365 days of the Montessori Floor Bed: is it still working?

Posted on Jan 20, 2009 by 24 Comments

Almost a year into the floor bed and things are still going strong. I wrote previously on the Montessori floor bed and a little of why we chose to go that route instead of with a crib (see post). Well, the decision was made and we have never looked back.

At first, I was nervous that the floor bed would give our daughter too much freedom in her room. The purpose of the bed is to instill the ability to make decisions and allow the baby to experience independence, albeit independence with limits. Yes, we baby proofed the whole room, but still, it’s a bit nerve racking to think of the baby deciding to get out of bed on her own to explore her room…and we don’t even have a video monitor!

I decided to put some board books and toys on the bottom shelf of the bookshelf in the room, that way, if Sophie wanted to play with something she would have a selection of things that were virtually indestructible. Recently I’ve added a few wooden puzzles within her reach and her favorite stuffed animals. Also, at night, I move the pillows (purely decorational) along with her blanket to the top of the changing table so she can’t get in to trouble with those.

This is how her typical morning goes: she wakes up, starts singing and babbling. She stirs, probably rolling around for a bit until she decides to crawl over to her bookshelf. Sophie is walking now, but she prefers to sleep with her sleep sack on and it’s difficult for her to walk in it – she has figured out that crawling still works fine. So, she’ll crawl over to her bookshelf and throw just about everything on the floor, sifting through each book, puzzle or animal deciding what to play with. I know this because I hear her on the monitor doing this. Then, she plays…and talks to herself. She’s been able to go for almost a whole hour at a stretch while my husband and I slowly wake up and roust ourselves. Now, I’m not sure how babies react to the morning in cribs since I have no experience with one, but our mornings are really good this way. She wakes up on her own time and is learning to amuse herself – no Mommy or Daddy to make her decisions for her. I think that is a valuable lesson, one that may just serve her well throughout her life.

I’d be lying if I said she never cries in the morning, but those seem to be getting fewer and farther between. It’s as if she knows that we’re here for her even if she doesn’t see us.

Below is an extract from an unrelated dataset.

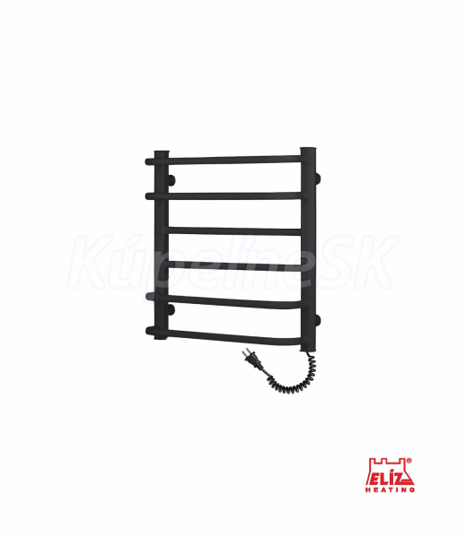 ELÍZ EBS 6/55 AF-B Vykurovanie | Infrapanely, kúpeľňové radiátory a sušiaky Elektrický sušiak, príkon 109 W, čierna matná farba, zabudovaný ohrievací vodič, mechanické ovládanie teploty, krytie IP44, automatické vypnutie pri prehriatí. Elektrický sušiak ELÍZ, model EBS 6/55 AF-B

I should mention that naps are a different story. Sometimes it is the exact same routine as the morning. But, there have been plenty of days where she just won’t go to sleep or stay asleep. She refuses! And, those days she gets herself out of bed and throws a fit by the door. I know this because 1) I can hear her voice get louder and louder as she tries to look under the crack in the door to the hallway and 2) I’ve hit her with the door as I’ve entered the room. (FYI, I open the door very, very slowly now). But, I figure any kid refuses sleep some days and in a crib she’d throw the same tantrum, she just would have less mobility. Good, and bad.

Sophie has now taken to marching herself over to her bookshelf and playing during naps. Ultimately I’m OK with that as she is making her own decisions (within limits) and we stick to her schedule regardless if she gets a nap…if she’s extra sleepy when bed time comes around, then maybe she’ll eventually learn that nap time combats that. One can hope.

Overall, the floor bed is indeed teaching our daughter the lessons we wanted to teach her. Consequences stem from her own actions – not from some arbitrary “rule.”

And lastly, an added benefit I hadn’t realized: the bed is great for us as well. When she’s sick my husband and I have alternately curled up beside our daughter and rubbed her back during the night, comforted her in the wee hours of the morning while laying down, and lounged in her room while we play together. We are on the floor, yes, but not stooping over a bed rail, feeling our backs get increasingly sore. My knees talk to me more now but honestly I’d rather have that then back trouble!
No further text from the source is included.